§ Task to complete
The line containing "北京最有地方特色的白云觀廟會" marks the end: copy exactly every line from the start of the records below up to and including it, leaving out pictures.

Records excerpted from a collection

__________________________________________________

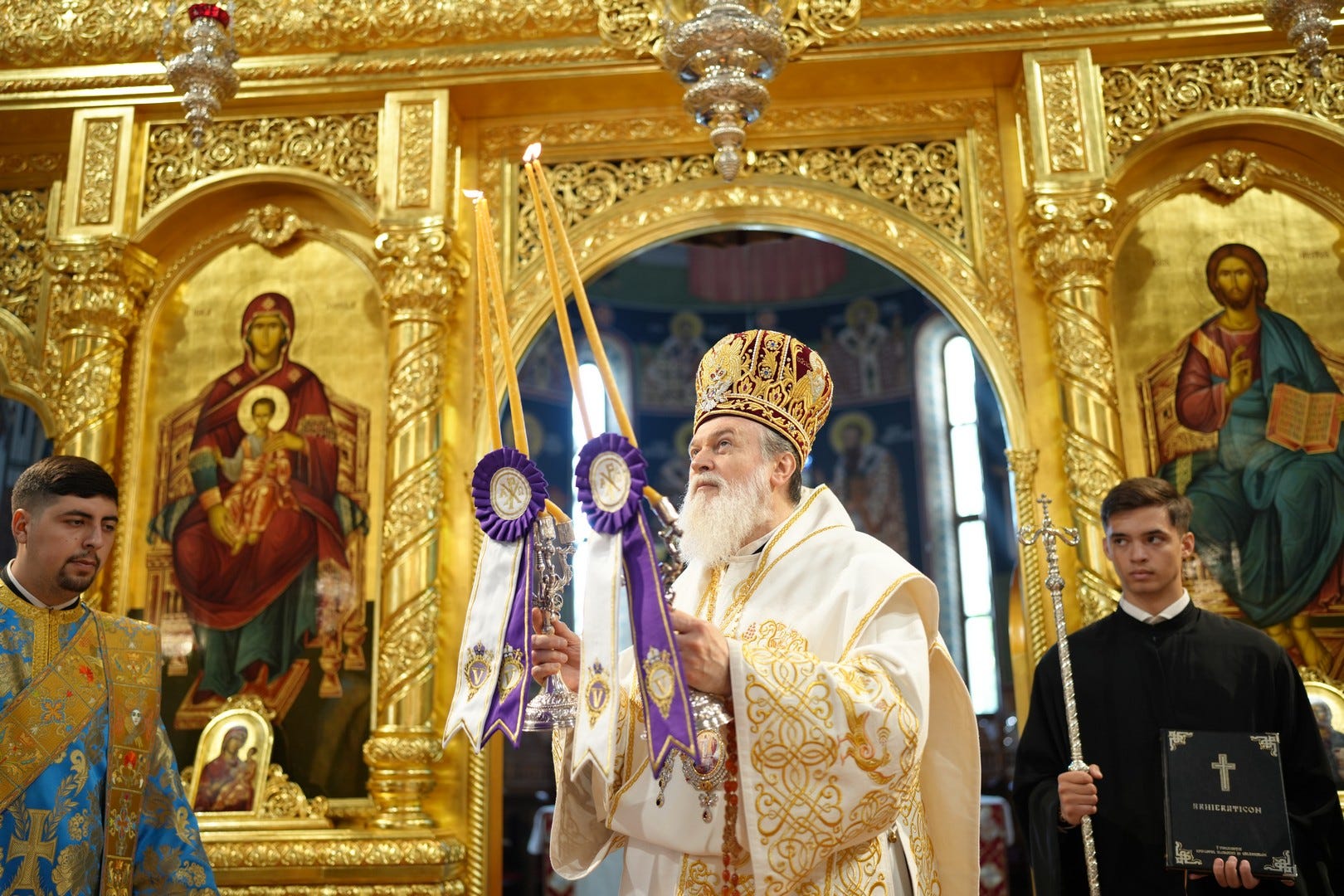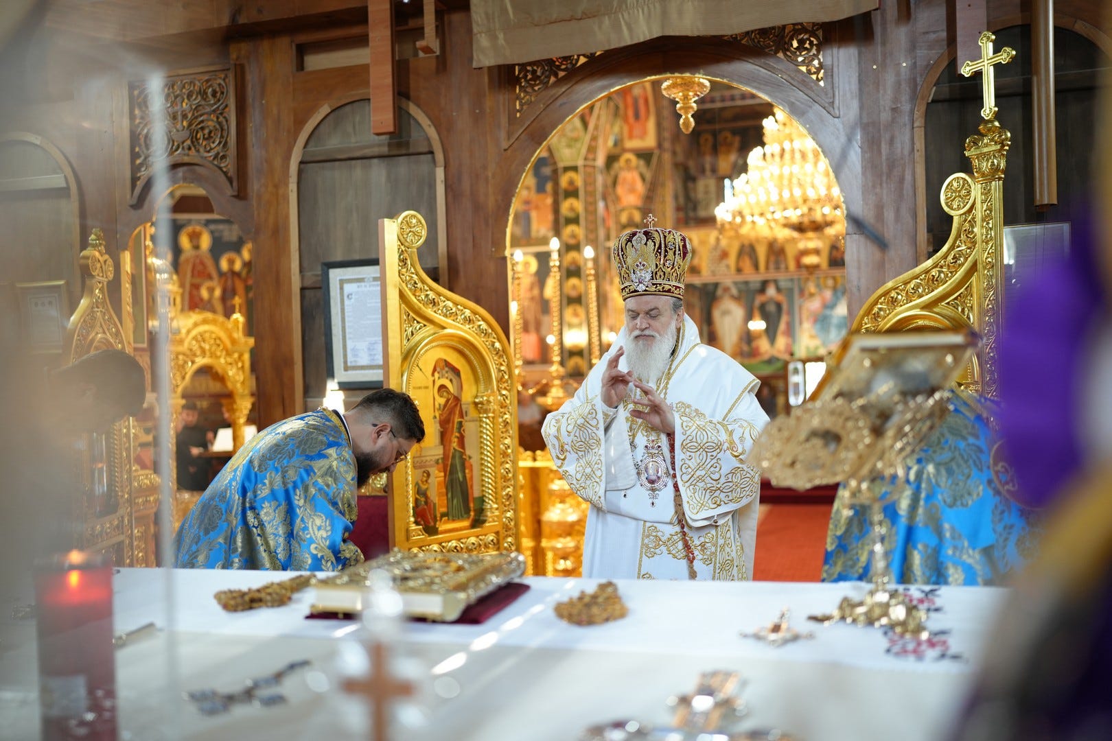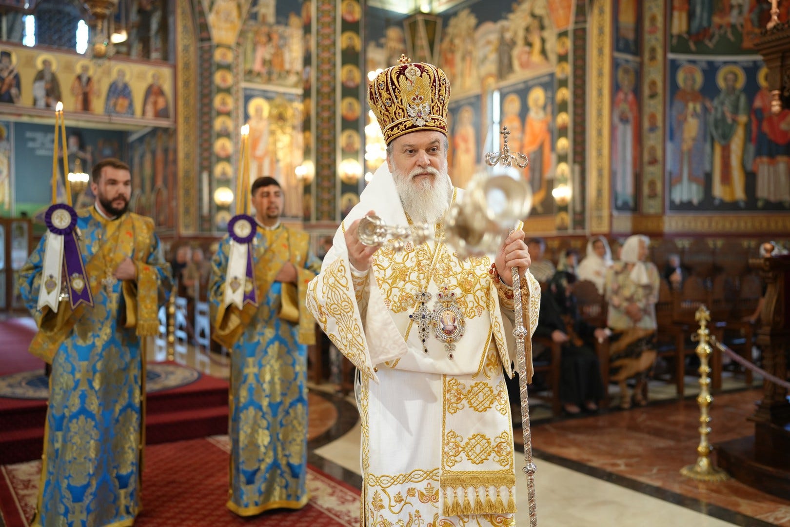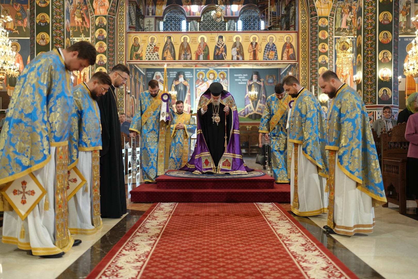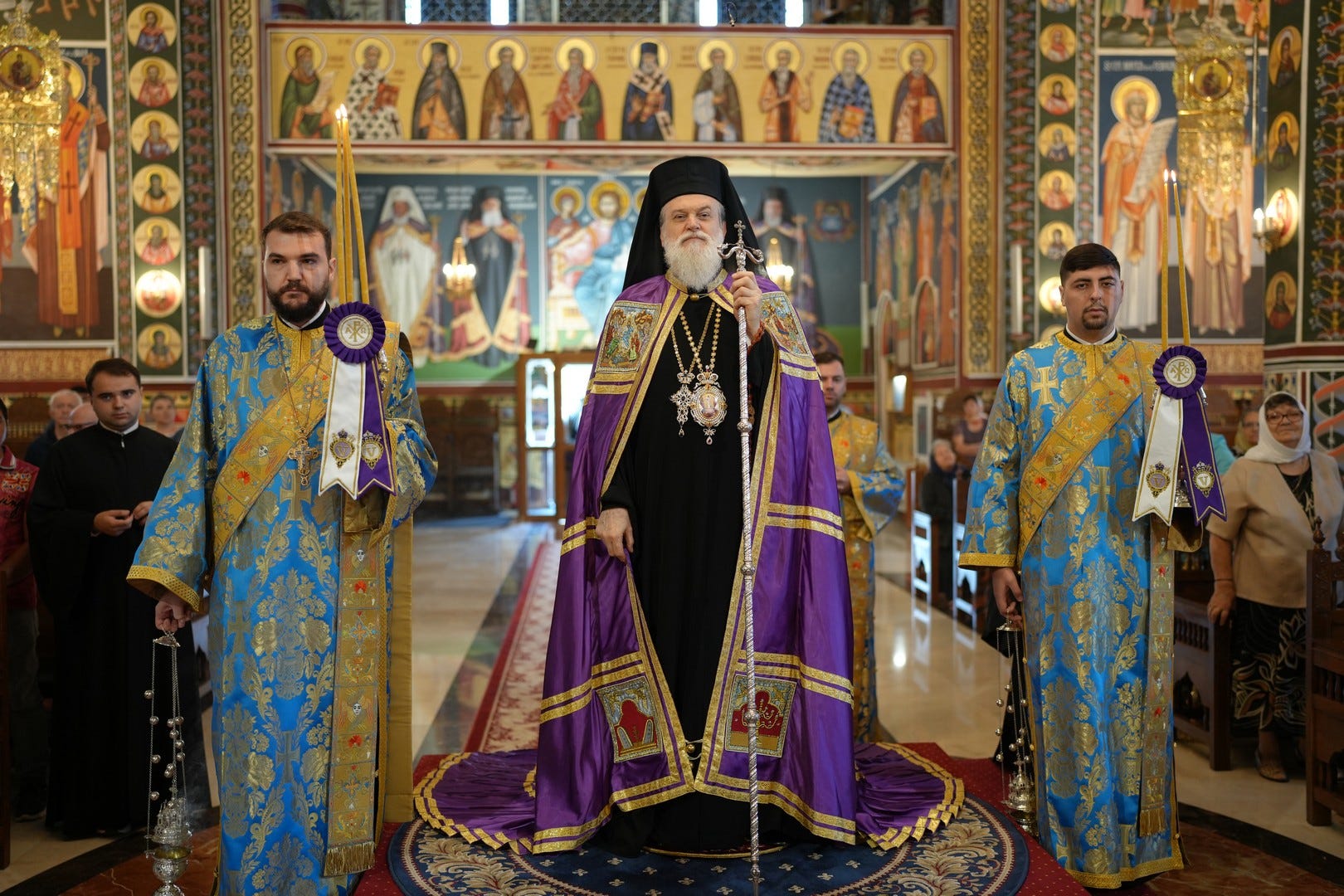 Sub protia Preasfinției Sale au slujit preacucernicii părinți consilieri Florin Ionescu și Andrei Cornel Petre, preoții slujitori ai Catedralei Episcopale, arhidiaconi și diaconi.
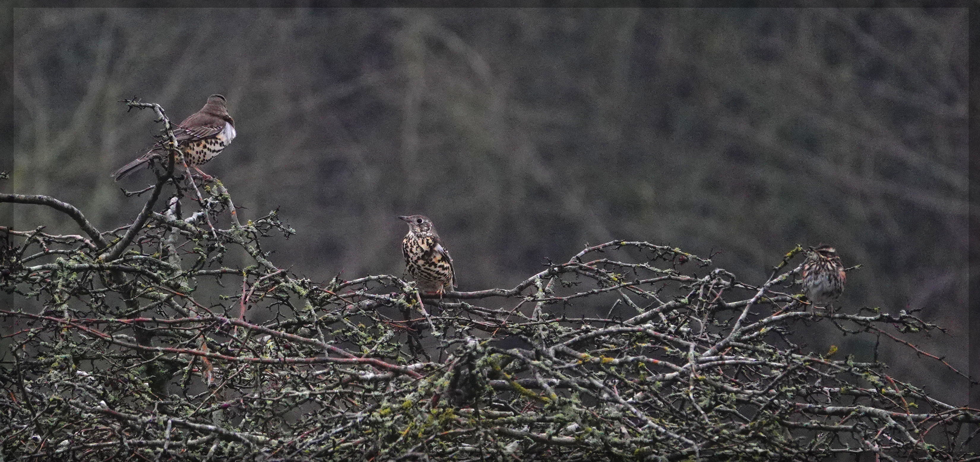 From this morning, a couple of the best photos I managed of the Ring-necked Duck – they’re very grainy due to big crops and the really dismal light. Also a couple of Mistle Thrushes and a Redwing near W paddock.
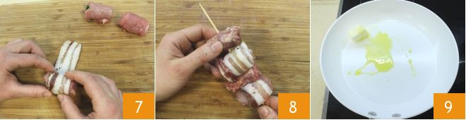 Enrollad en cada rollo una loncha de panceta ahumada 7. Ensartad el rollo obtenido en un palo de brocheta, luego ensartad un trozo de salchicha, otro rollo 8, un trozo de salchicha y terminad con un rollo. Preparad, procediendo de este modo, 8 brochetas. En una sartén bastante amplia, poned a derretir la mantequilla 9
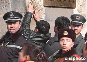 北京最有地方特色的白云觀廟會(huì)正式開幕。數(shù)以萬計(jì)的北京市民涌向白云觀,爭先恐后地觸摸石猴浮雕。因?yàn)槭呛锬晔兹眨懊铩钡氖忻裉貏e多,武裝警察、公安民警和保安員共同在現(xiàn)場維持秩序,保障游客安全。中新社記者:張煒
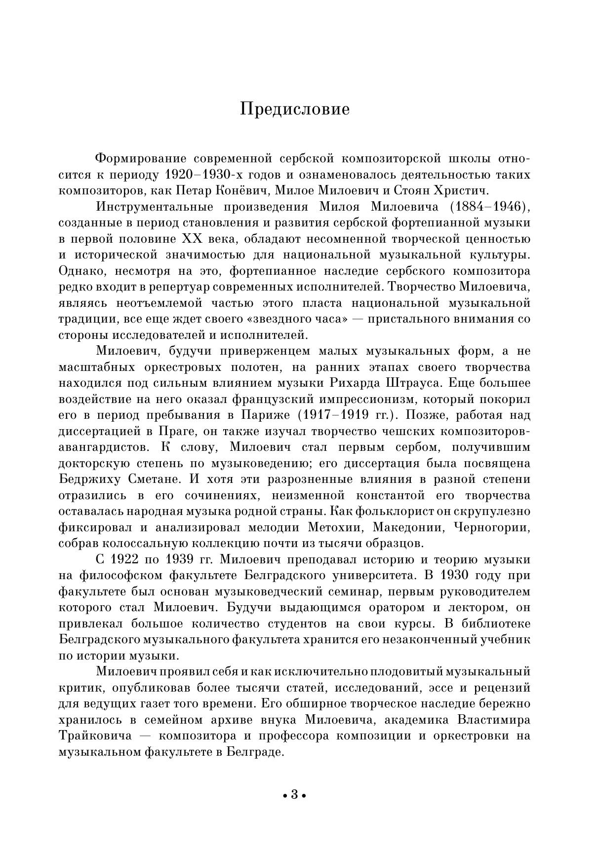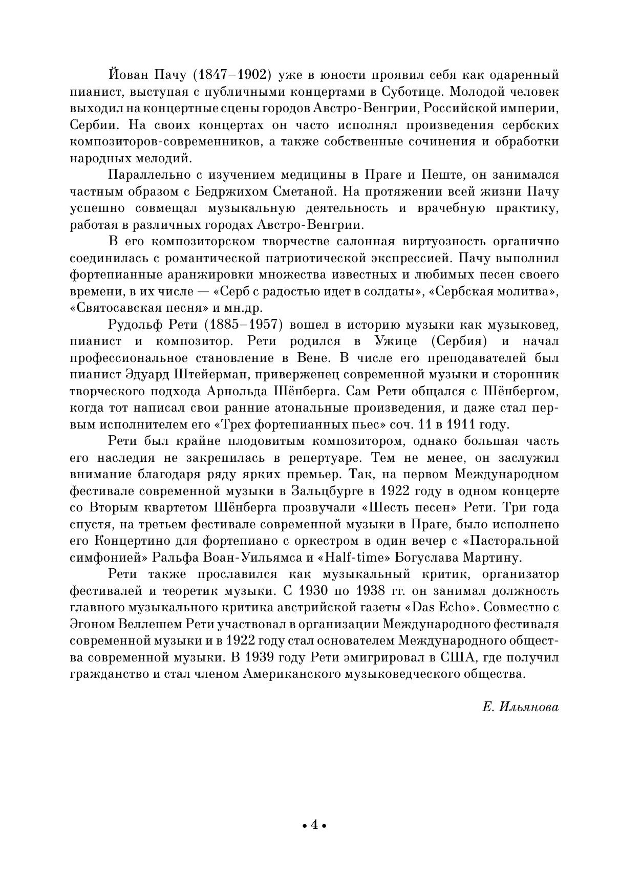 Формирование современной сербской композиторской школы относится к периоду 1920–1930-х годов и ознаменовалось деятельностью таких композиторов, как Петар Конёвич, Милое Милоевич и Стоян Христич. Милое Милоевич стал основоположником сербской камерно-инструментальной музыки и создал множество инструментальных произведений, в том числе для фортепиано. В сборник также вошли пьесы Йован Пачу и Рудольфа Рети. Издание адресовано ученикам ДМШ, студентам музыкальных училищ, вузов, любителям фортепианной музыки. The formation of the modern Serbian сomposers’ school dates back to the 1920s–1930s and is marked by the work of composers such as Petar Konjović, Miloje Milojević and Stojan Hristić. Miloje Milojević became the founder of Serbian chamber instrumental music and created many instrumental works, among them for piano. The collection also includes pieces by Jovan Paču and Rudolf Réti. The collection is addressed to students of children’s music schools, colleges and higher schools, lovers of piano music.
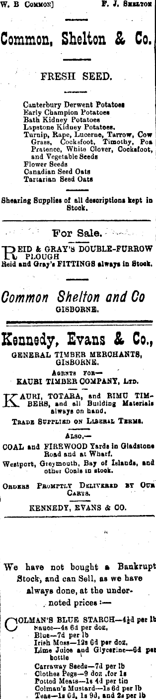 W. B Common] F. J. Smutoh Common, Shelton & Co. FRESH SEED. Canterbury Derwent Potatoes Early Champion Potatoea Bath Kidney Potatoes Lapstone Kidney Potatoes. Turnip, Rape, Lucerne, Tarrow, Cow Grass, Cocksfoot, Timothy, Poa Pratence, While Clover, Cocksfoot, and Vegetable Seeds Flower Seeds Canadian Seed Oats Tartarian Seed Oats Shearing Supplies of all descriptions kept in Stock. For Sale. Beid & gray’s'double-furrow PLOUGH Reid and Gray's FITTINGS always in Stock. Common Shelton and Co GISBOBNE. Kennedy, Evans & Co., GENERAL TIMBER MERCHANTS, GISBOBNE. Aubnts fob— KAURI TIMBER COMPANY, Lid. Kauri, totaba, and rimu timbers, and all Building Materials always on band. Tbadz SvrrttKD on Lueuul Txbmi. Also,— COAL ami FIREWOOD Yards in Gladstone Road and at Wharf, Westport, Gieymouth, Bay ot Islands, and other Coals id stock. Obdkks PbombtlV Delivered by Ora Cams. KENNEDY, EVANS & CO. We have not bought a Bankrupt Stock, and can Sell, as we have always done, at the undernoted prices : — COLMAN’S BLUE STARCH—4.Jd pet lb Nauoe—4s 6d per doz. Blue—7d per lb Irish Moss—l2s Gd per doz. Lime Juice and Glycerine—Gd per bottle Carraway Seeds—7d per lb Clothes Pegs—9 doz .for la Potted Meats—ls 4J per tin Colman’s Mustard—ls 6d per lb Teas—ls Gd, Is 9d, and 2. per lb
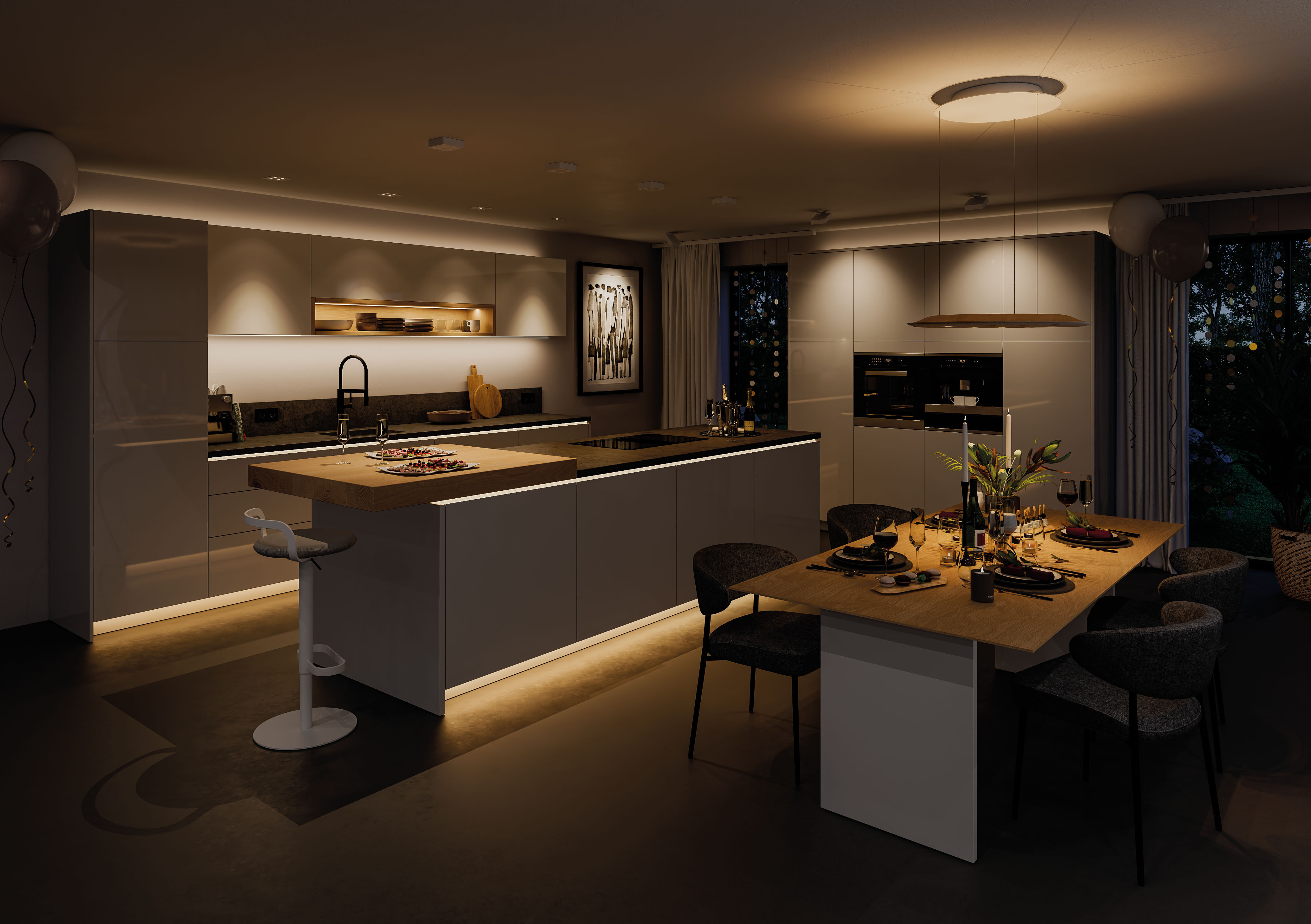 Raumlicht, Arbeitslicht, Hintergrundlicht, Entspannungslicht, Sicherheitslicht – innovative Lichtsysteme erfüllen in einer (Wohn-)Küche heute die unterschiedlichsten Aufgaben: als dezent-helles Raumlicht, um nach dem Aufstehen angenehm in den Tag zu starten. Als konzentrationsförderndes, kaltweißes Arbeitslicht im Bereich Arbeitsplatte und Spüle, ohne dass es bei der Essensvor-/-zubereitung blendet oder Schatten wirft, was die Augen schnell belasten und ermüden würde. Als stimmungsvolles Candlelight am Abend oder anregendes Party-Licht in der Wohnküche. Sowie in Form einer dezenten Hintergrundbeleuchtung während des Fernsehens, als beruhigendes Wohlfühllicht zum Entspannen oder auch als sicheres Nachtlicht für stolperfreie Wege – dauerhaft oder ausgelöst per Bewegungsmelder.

__________________________________________________

§ Exercise result
 Sub protia Preasfinției Sale au slujit preacucernicii părinți consilieri Florin Ionescu și Andrei Cornel Petre, preoții slujitori ai Catedralei Episcopale, arhidiaconi și diaconi.
 From this morning, a couple of the best photos I managed of the Ring-necked Duck – they’re very grainy due to big crops and the really dismal light. Also a couple of Mistle Thrushes and a Redwing near W paddock.
 Enrollad en cada rollo una loncha de panceta ahumada 7. Ensartad el rollo obtenido en un palo de brocheta, luego ensartad un trozo de salchicha, otro rollo 8, un trozo de salchicha y terminad con un rollo. Preparad, procediendo de este modo, 8 brochetas. En una sartén bastante amplia, poned a derretir la mantequilla 9
 北京最有地方特色的白云觀廟會(huì)正式開幕。數(shù)以萬計(jì)的北京市民涌向白云觀,爭先恐后地觸摸石猴浮雕。因?yàn)槭呛锬晔兹眨懊铩钡氖忻裉貏e多,武裝警察、公安民警和保安員共同在現(xiàn)場維持秩序,保障游客安全。中新社記者:張煒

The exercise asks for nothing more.